[Dataset records]
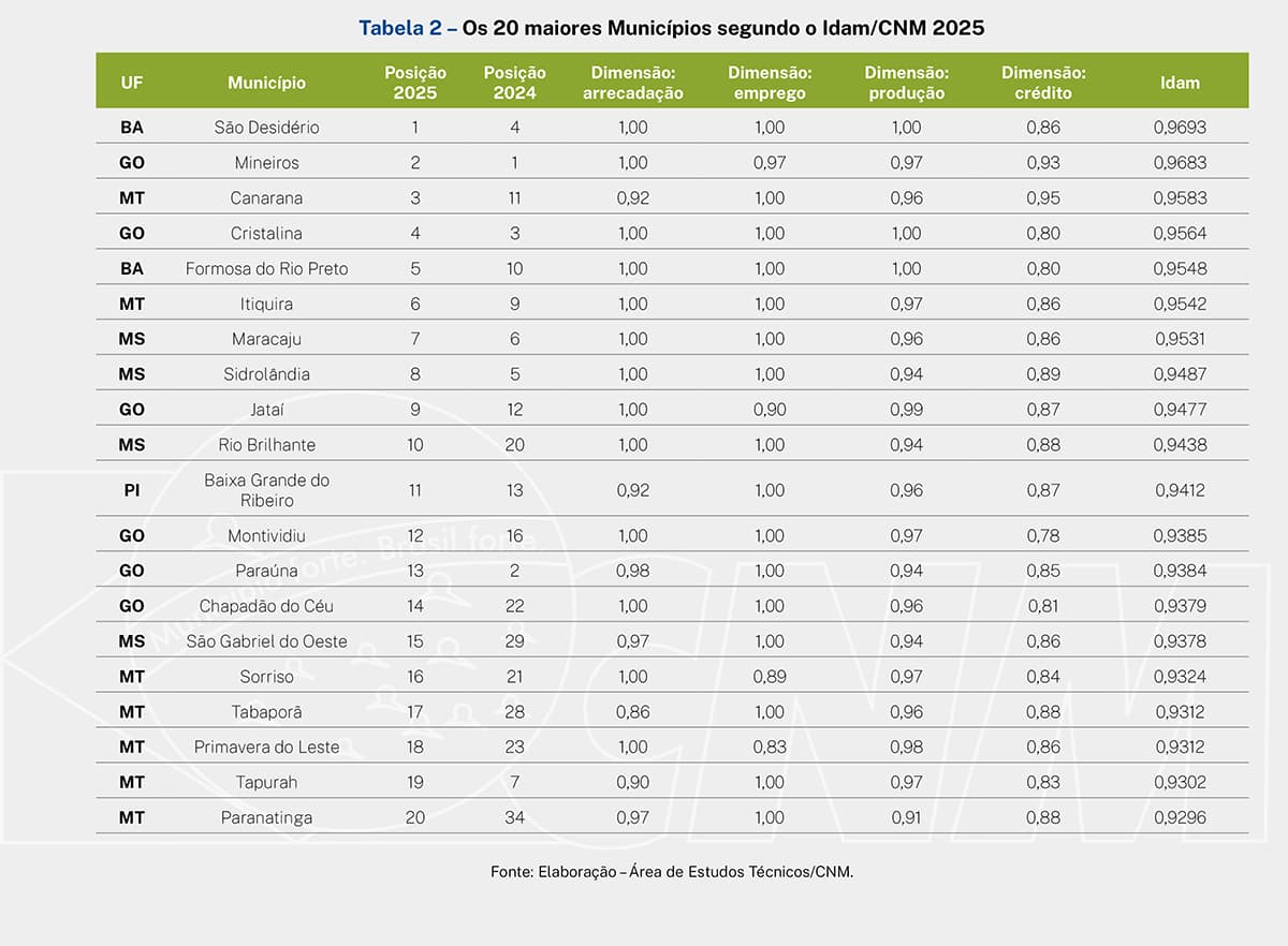 Entre os 20 primeiros colocados só há municípios da Bahia (2), Goiás (6), Mato Grosso (7), Mato Grosso do Sul (4) e um do Piauí. No Idam/2025, 13 municípios elevaram a sua classificação de desenvolvimento alto para muito alto e outros 13 foram rebaixados de muito alto para alto.
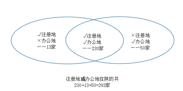 注册地或办公地在陕的共293家。其中:在陕注册办公的230家,在陕注册、非陕办公的13家,在陕办公、非陕注册的50家。
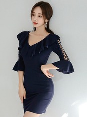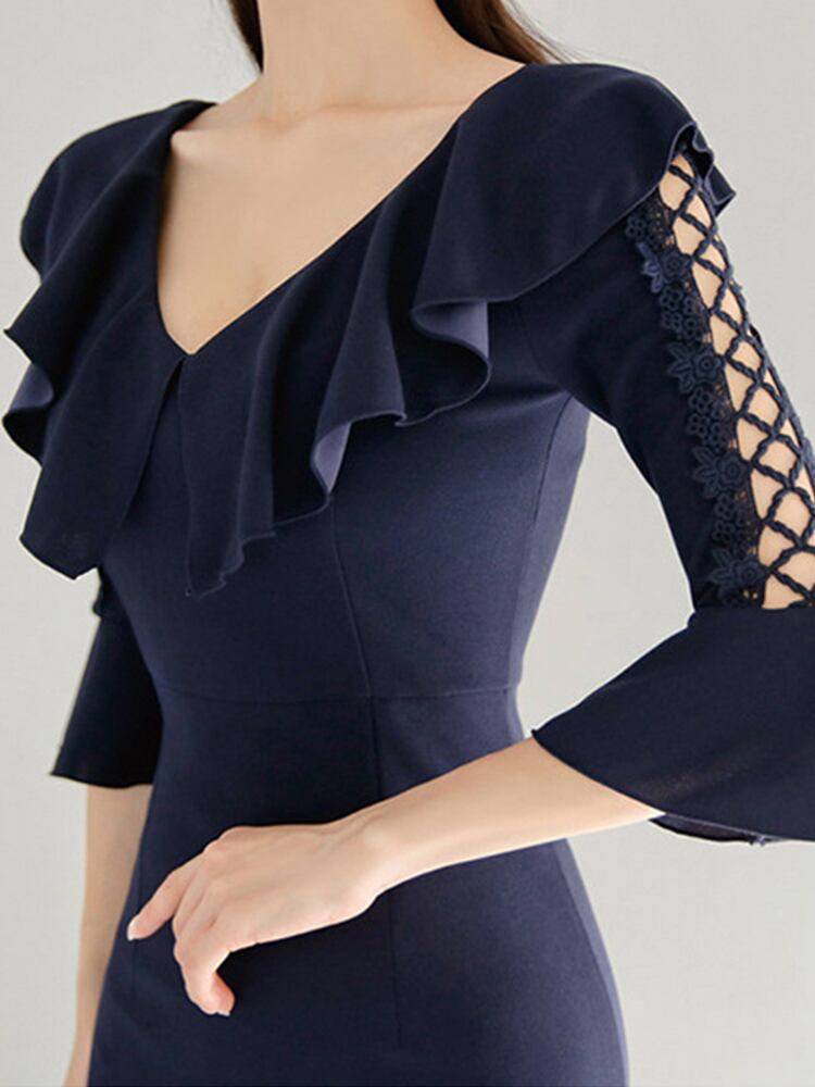 ミニ フリル ラッフル カジュアル Vネック MingJieBiHuo69774768802
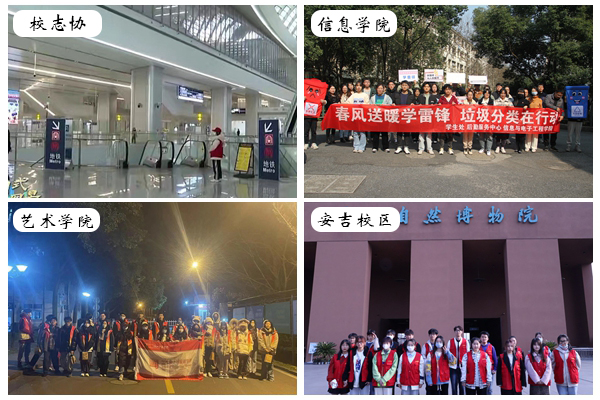在杭州火车西站志愿服务、为社区工作者送温暖、助力绿色学校建设、担任江自然博物院讲解员与场馆指引者……在志愿服务月,校志协志愿者、艺术学院志愿者、信息学院志愿者、安吉校区志愿者等多方联动,丰富拓展各类志愿服务活动,用实际行动诠释雷锋精神的时代内涵。其中在杭州火车西站开展秩序维持、检票引导、行李帮提等服务的志愿者,获央视新闻直播报道。
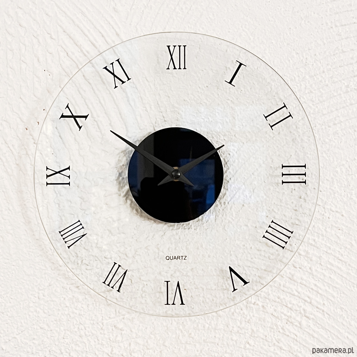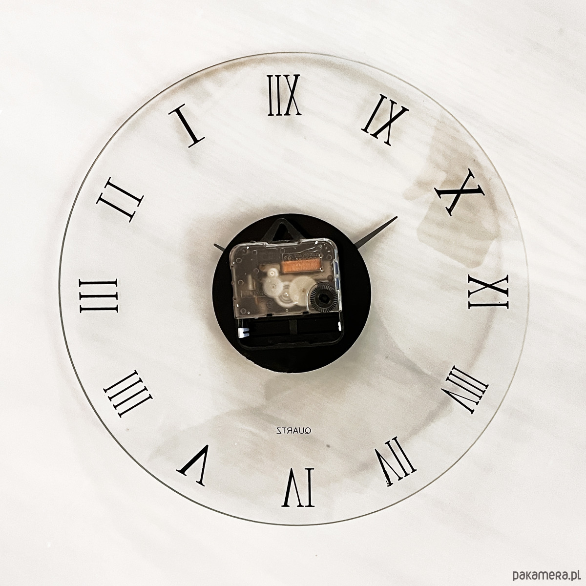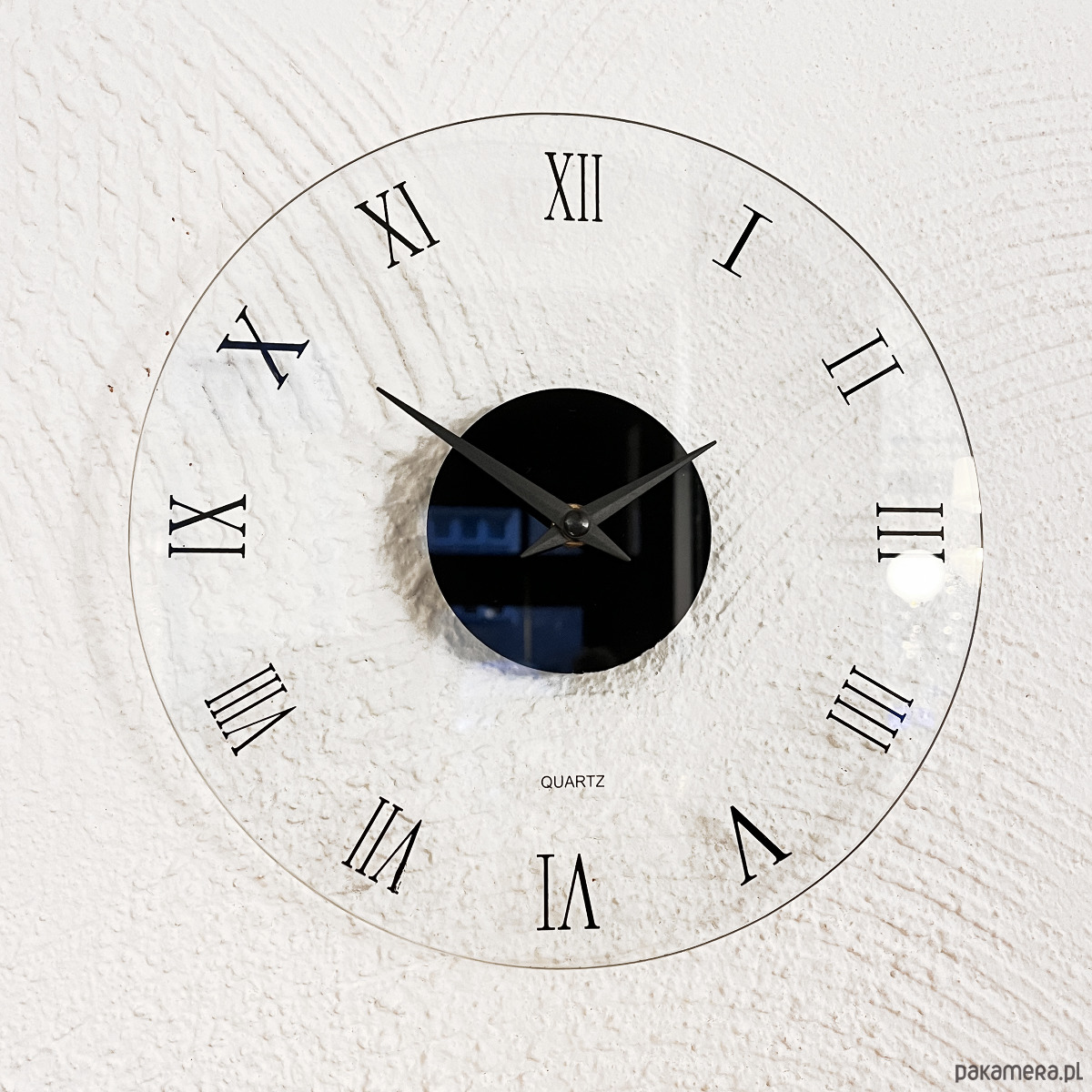 Niemiecki designerski zegar ścienny w stylu postmodernistycznym z lat 90. Tarcza wykonana jest z przeźroczystego szkła, proste wskazówki stalowe w czarnym kolorze, cyfry na cyferblacie rzymskie. Zegar zaprojektowany w Niemczech, mechanizm niemiecki. Zegar wyposażony jest w mechanizm kwarcowy, zasilany jedną baterią typu AA. Zegar w stanie bardzo dobrym, bez uszkodzeń.
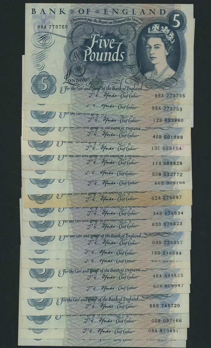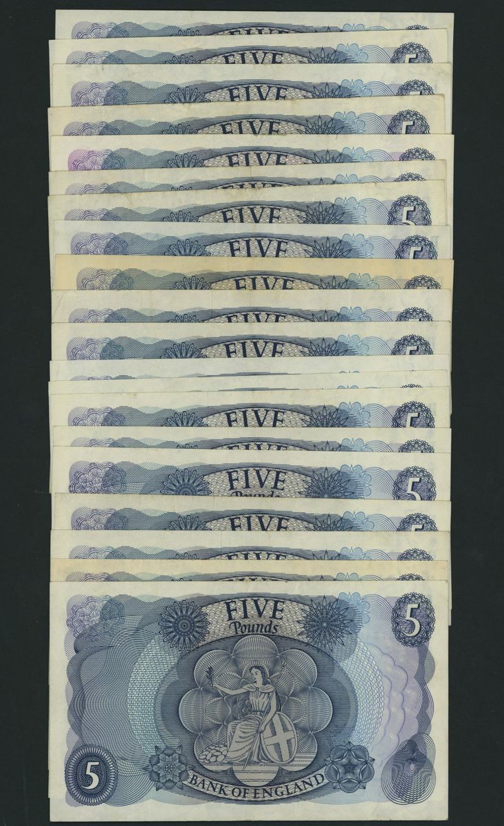 Bank of England, [20 notes] £5, London, ND (1967), J. S. Fforde, (Pick 375b, EPM B314), mostly very fine (20 notes)
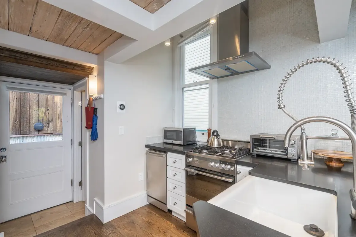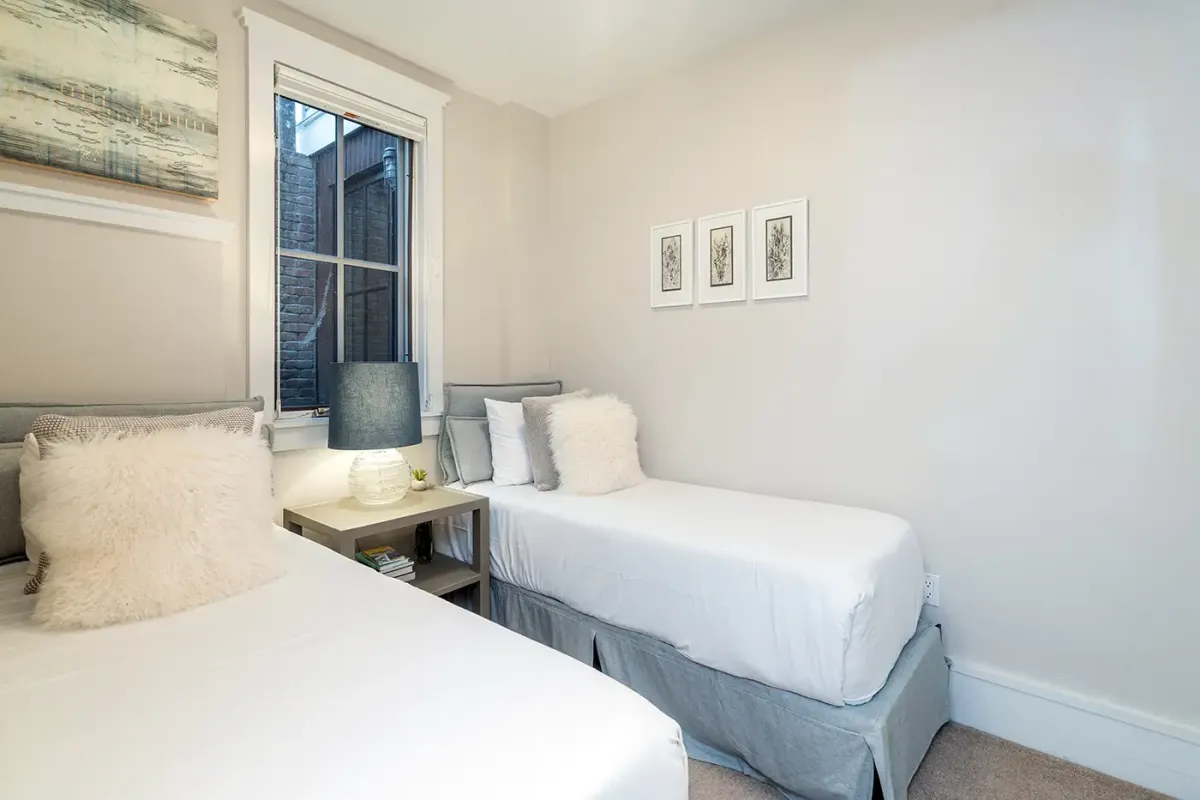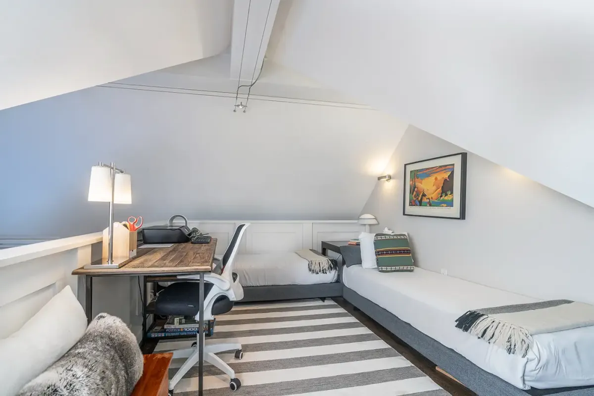 Upstairs, a loft with a desk, printer, and two convertible twin beds offers a quiet spot for reading, remote work, or extra guests.
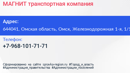 МАГНИТ, транспортная компания по адресу 644041, Омская область, Омск, Железнодорожная 1-я, 1/1 в дальнейшем Организация, размещена в следующих категориях:

> Work order
Pictures do not belong in the copy. Output all of the records exactly.

> Exercise output
 Entre os 20 primeiros colocados só há municípios da Bahia (2), Goiás (6), Mato Grosso (7), Mato Grosso do Sul (4) e um do Piauí. No Idam/2025, 13 municípios elevaram a sua classificação de desenvolvimento alto para muito alto e outros 13 foram rebaixados de muito alto para alto.
 注册地或办公地在陕的共293家。其中:在陕注册办公的230家,在陕注册、非陕办公的13家,在陕办公、非陕注册的50家。
 ミニ フリル ラッフル カジュアル Vネック MingJieBiHuo69774768802
在杭州火车西站志愿服务、为社区工作者送温暖、助力绿色学校建设、担任江自然博物院讲解员与场馆指引者……在志愿服务月,校志协志愿者、艺术学院志愿者、信息学院志愿者、安吉校区志愿者等多方联动,丰富拓展各类志愿服务活动,用实际行动诠释雷锋精神的时代内涵。其中在杭州火车西站开展秩序维持、检票引导、行李帮提等服务的志愿者,获央视新闻直播报道。
 Niemiecki designerski zegar ścienny w stylu postmodernistycznym z lat 90. Tarcza wykonana jest z przeźroczystego szkła, proste wskazówki stalowe w czarnym kolorze, cyfry na cyferblacie rzymskie. Zegar zaprojektowany w Niemczech, mechanizm niemiecki. Zegar wyposażony jest w mechanizm kwarcowy, zasilany jedną baterią typu AA. Zegar w stanie bardzo dobrym, bez uszkodzeń.
 Bank of England, [20 notes] £5, London, ND (1967), J. S. Fforde, (Pick 375b, EPM B314), mostly very fine (20 notes)
 Upstairs, a loft with a desk, printer, and two convertible twin beds offers a quiet spot for reading, remote work, or extra guests.
 МАГНИТ, транспортная компания по адресу 644041, Омская область, Омск, Железнодорожная 1-я, 1/1 в дальнейшем Организация, размещена в следующих категориях:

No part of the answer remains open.